If I am cutting myself down in life then the people and place scream at me, slap me, throw me up closer to the stars, insist that I fill my 50ft tall presence. When I am too high, my ego too grandiose, it then cuts me down; cuts my head clean off. We live in a time where it is necessary to act fast, to amplify our intuition, to create the world that we want to live in and Burning Man is a premise to collectively test out and strengthen this capacity. I used to fight it, to resist, but over the years I have learned to accept it, flow with it, trust that my desires coincide with my mission this time—at Burning Man and increasingly more in life. That being said, this year was gentle, easy, fun because I accepted what is going on in my life right away and had the rest of the week to enjoy. A deep twin soul friend, Aaron, had died young and suddenly a week before I left and I was truly afraid that my heart would stop too. I realized that though I was frightened at this prospect, the thought of ending this life wasn’t unpleasant. On some level I was feeling like an important part of me had ended; it had experienced everything in this life that it was interested in and left only a shadow behind. It took one night of sleeping saturation with the lithium-alkaline dust to bring a full realization of my current nature; to elicit a confrontation with the notions I was avoiding in my waking life. I understood that my heart has been absolutely broken lately and then the physical pain-pressure of fear and loss on my heart that had been present for months just lifted. Chronic pains which I had been poking at with yoga, meditation, acupuncture, homeopathy and chiropractic evaporated over the ensuing days in the heat of laughter, sunshine and art.
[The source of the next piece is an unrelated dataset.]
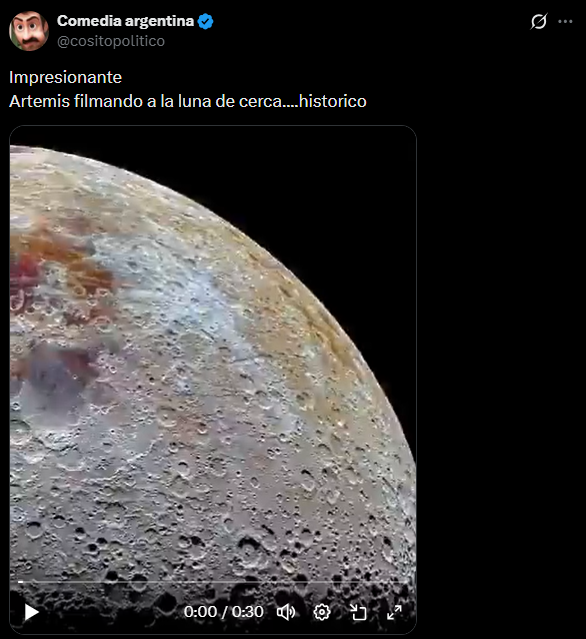 En redes sociales circulan (1,2,3) supuestas imágenes a color y en alta resolución de la luna, capturadas presuntamente por la nave espacial como parte de la misión Artemis II de la NASA.

I told everything yes. I spanked many people with my little horse spanker. I laughed hard until my stomach hurt. I danced. I slept where I felt like sleeping. I ate when I wanted to eat. I sang songs. I painted on people. I burned my friend in the temple. I cried. I breathed deeply. I ran around naked(ish). I rescued my precious self from being buried alive asphyxiated by a mound of fears and requirements. I realized again (and again and again) that I will die alone with only my memories and I that must function accordingly. I released any notion that I cannot survive on the talents and gifts that I bring to this world. I simplified my requirements to include only what I truly want. I absolutely stopped censoring myself. I shot out of there like a cannon ball into the gypsy diaspora that is my deepest home; wandering, making-selling-trading beauty, opening ever more to the nature of light, perpetuating this feeling of bliss….Perhaps indefinitely this time? It is a choice that I can make every day.